Gewiß kann bei alledem betont werden, daß die moderne
Technik doch nicht erreicht ist. Allein wenn es richtig ist, daß
die Welt im „Werther“ noch vielfach durch den Schleier der
Empfindsamkeit gesehen ist, — daß im „Wilhelm Meister“ eigent⸗
lich nur die Theaterverhältnisse ganz plastisch dargestellt sind,
während schon die weitere Umwelt nur im Kontur erscheint
und gar die Linien des landschaftlichen und allgemeinen sozialen
Hintergrundes ins Ungewisse verschwinden, — daß endlich in
den Wanderjahren, diesem Werke des Alters, die Gestalten zu
Schemen verblassen und in ihren Adern statt Blutkörperchen
Abstraktionen rollen: so erscheinen die „Wahlverwandtschaften“
doch als das Werk, in welchem sich der Genius Goethes auch
in der Erahndung der künstlerischen Form am weitesten nach
borwärts gestreckt hat in neue Zeiten: und nur noch die
psychologischen Dramen, sowie manche lyrische Gedichte, als
psychologisches Drama auch der „Faust“, lassen sich in dieser
Hinsicht neben ihnen nennen.
Indem dies aber die geschichtliche Stellung dieser Werke
war, verloren sie an Bedeutung für die eigene Gegenwart.
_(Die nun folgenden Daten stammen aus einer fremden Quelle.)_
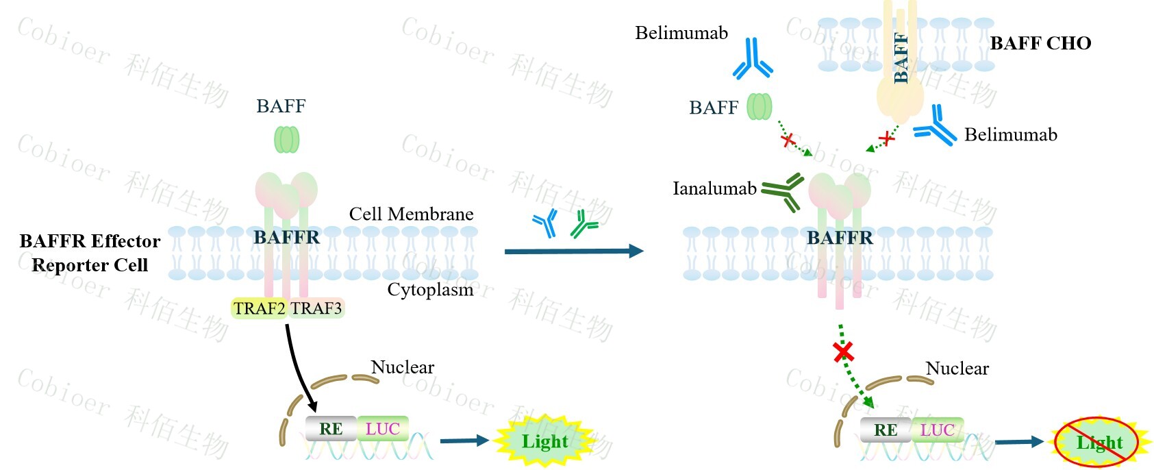 BAFFR Effector Reporter Cell 細胞模型原理圖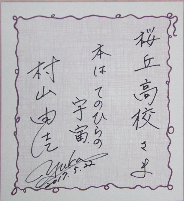 集英社の文庫本100冊と、村山さんのサイン入り色紙や本も贈呈していただきました。これから桜高生みんなで大切に読んでいきたいと思います。素晴らしいご講演をしてくださった村山由佳さんに心からの感謝の言葉をお伝えしたいです。ありがとうございました。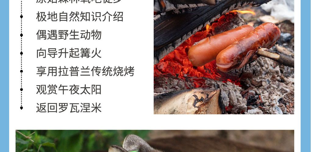 返回罗瓦涅米之前,向导会给您展示如何用最传统的拉普兰方式升起篝火,并为您准备美味的特色烧烤,让我们一起沉醉在这静谧的美景与慢时光之中!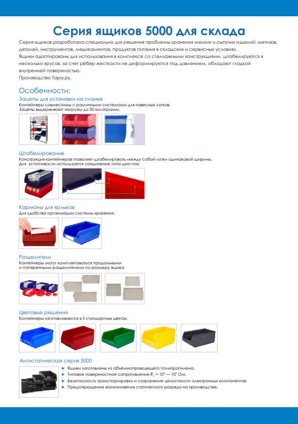 Для организации хранения различных мелких деталей и товаров на полочных и навесных стеллажах АО "Компания инноваций и технологий" предлагает удобные и недорогие складские контейнеры серии Italia 5000 российского производства.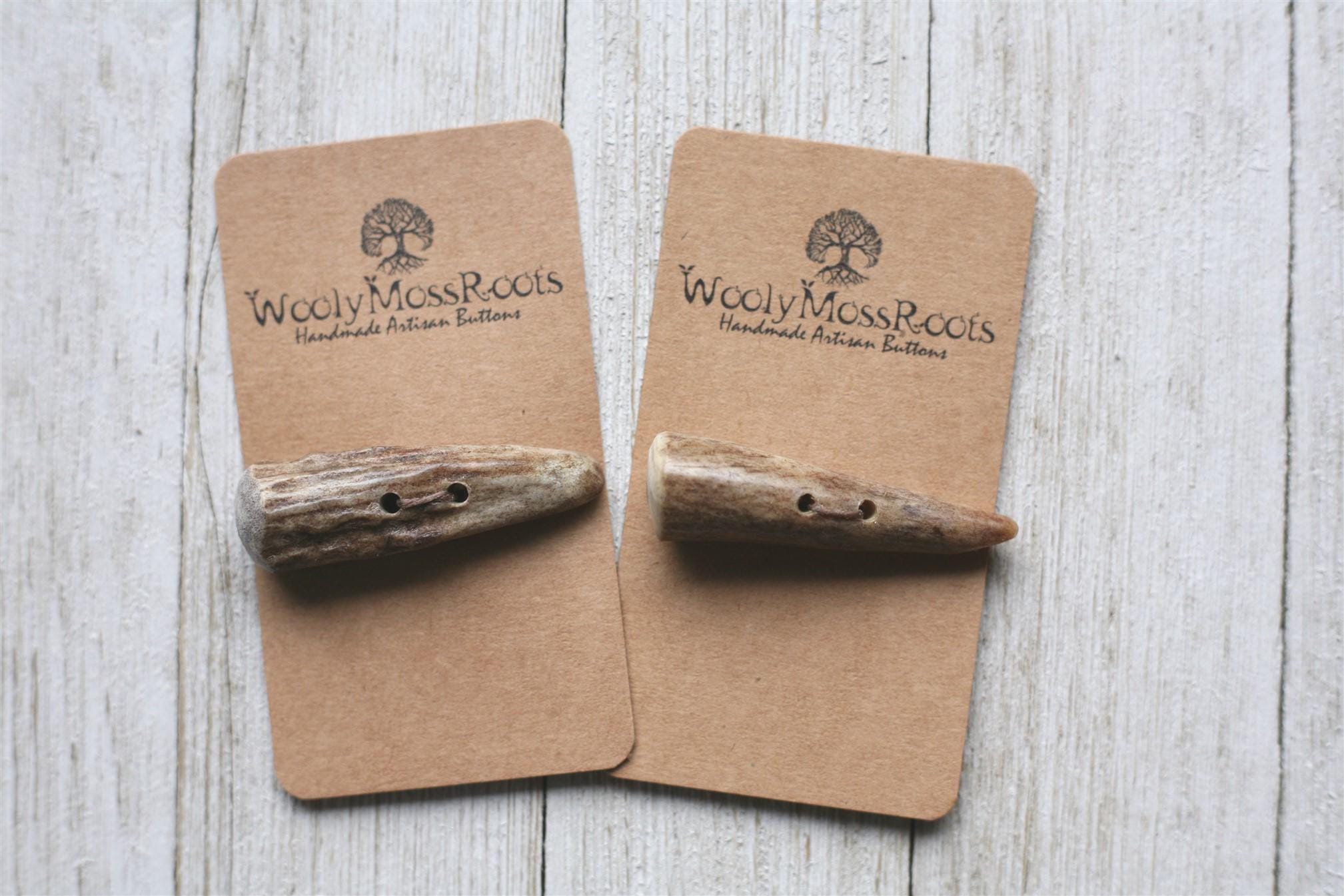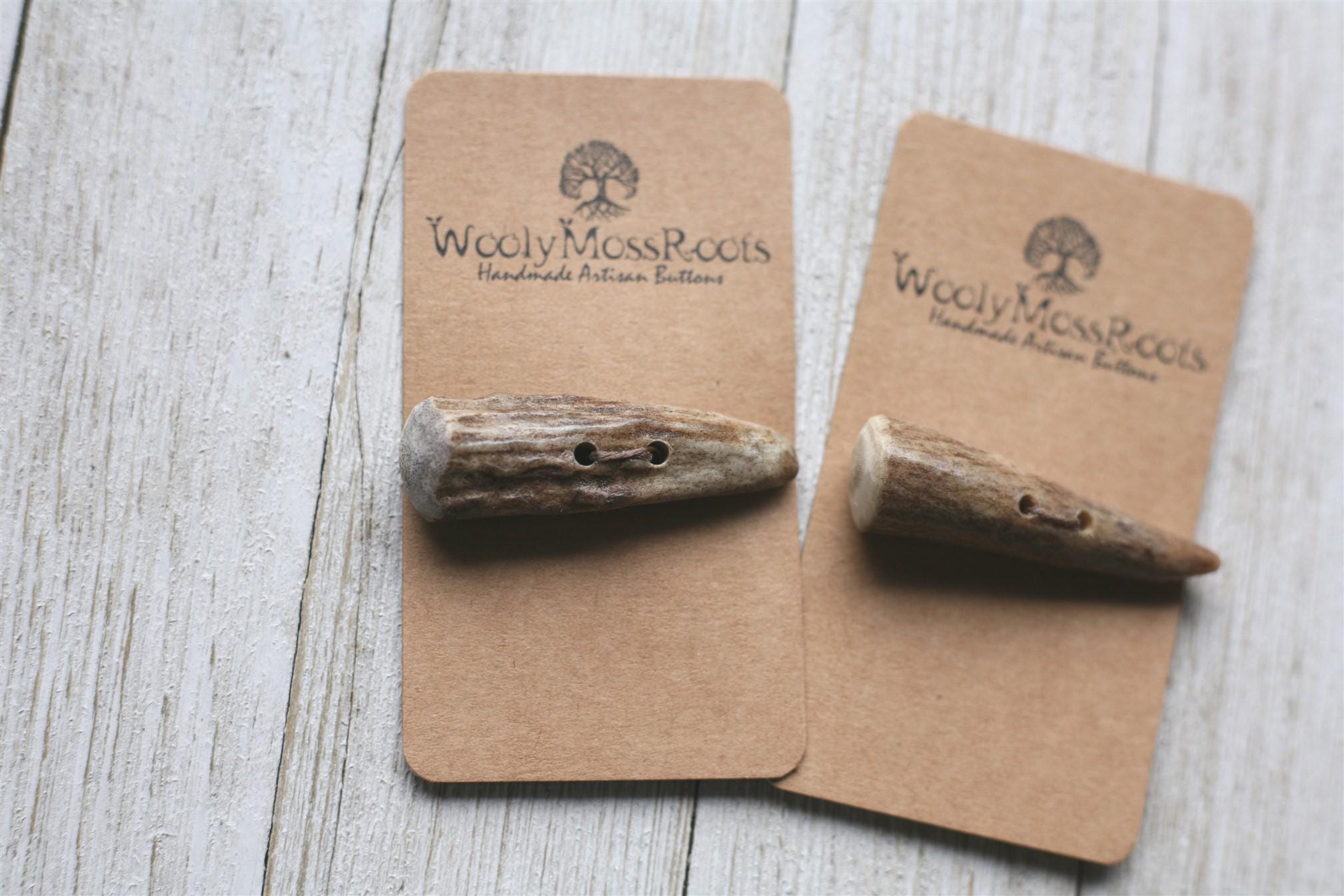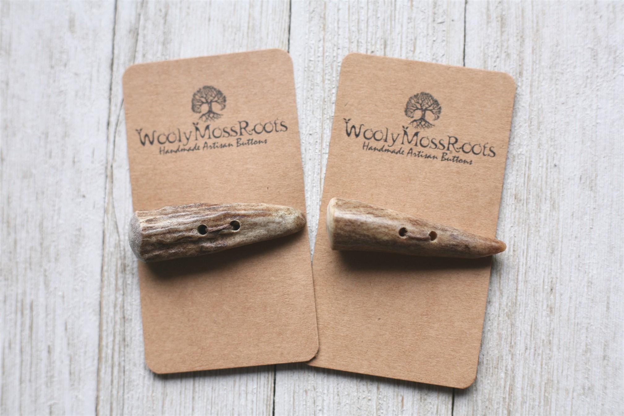 We absolutely love the antler toggle buttons we offer! My husband Jeff and I (Taryn) create these toggles together in shed deer antler. Male deer shed their antlers once a year and grow back new ones. The antlers make incredible buttons, not only for how well they hold up, but also for how beautiful they are.
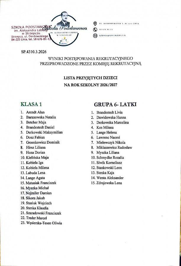 2 marca 2026r. zgodnie z zarządzeniem Wójta Gminy Linia rozpoczyna się rekrutacja do oddziałów przedszkolnych (4, 5 i 6-latki) i klas pierwszych na rok szkolny 2026/2027.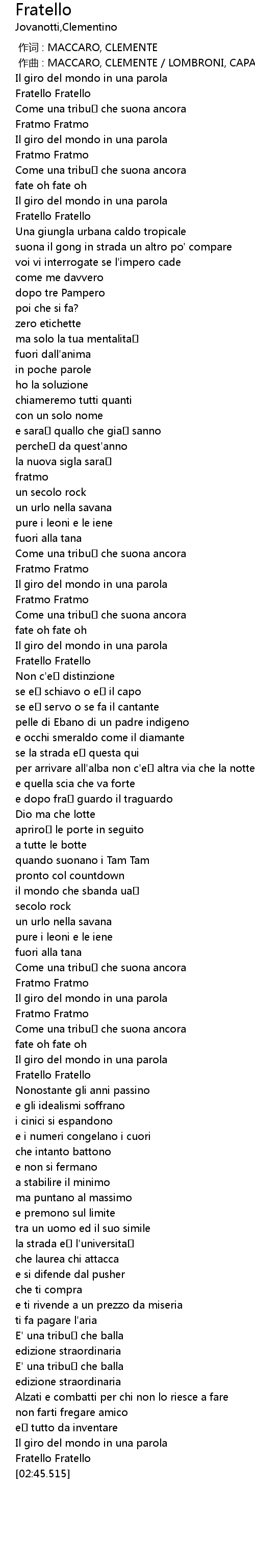 | [00:00.000] | 作词 : MACCARO, CLEMENTE |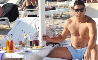 A forma física do nosso ex-camisa 9 deixa bem claro que esporte agora, só no escritório. Curtindo sob do sol quente do verão espanhol, hidratação é fundamental. Mas nada de Gatorade, ao que parece pela foto, sobre a mesa de Ronaldo a preferência é por refrescos.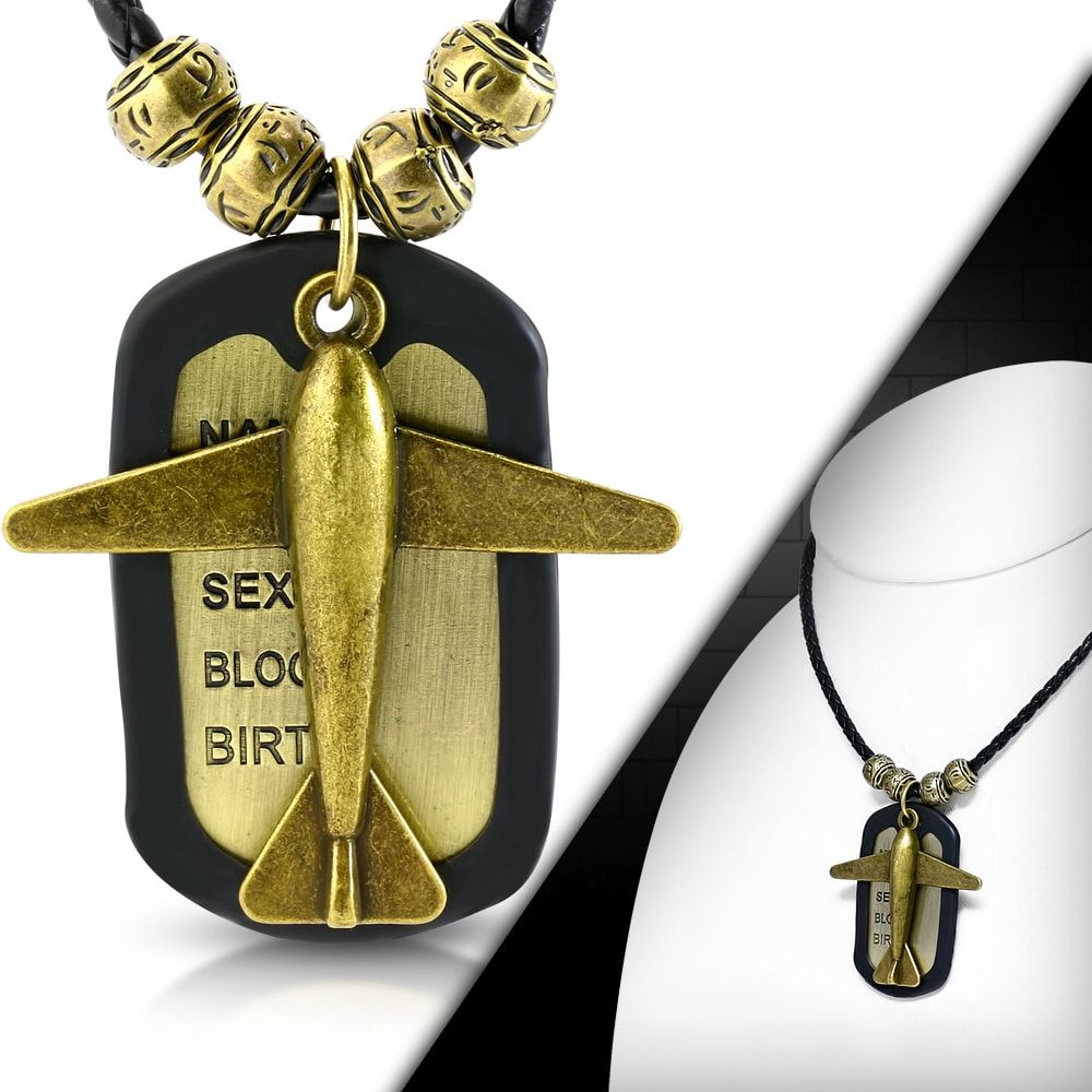 Fekete, fonott bőr nyaklánc, repülőgép alakú medállal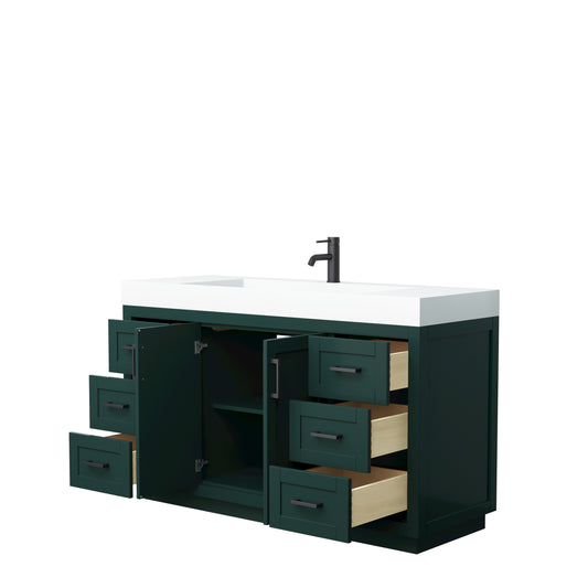 Miranda 60" Single Vanity in Green, Top, Square Sink, Matte Black Trim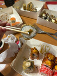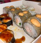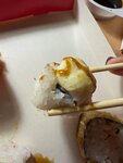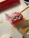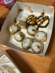 Решили с парнем немного разнообразить и вместо привычного нами любимого места заказать суши здесь, все было хорошо, ровно до того момента пока не открыли коробку с сушами, они очень маленькие, но дело даже не в этом, а в том что рис был ужасно слипшийся(на фото видно), как будто дома сами приготовили неудачные суши. Кушать было неприятно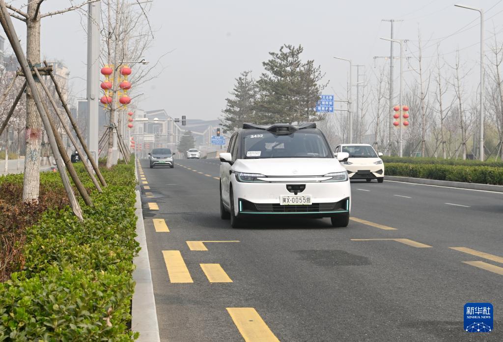 一輛無人駕駛網(wǎng)約車在雄安新區(qū)容東片區(qū)街道上行駛(3月26日攝)。

Wie die Dramen, so haben auch die Romane Goethes den
Zeitgenossen nur in beschränktem Kreise etwas gegolten — auch
bon „Wilhelm Meisters Lehrjahren“ steht das fest; nur die
noch engen Kreise der Romantiker haben sie gefeiert —: der
eigentliche Dichter der Nation um 1800 war Schiller.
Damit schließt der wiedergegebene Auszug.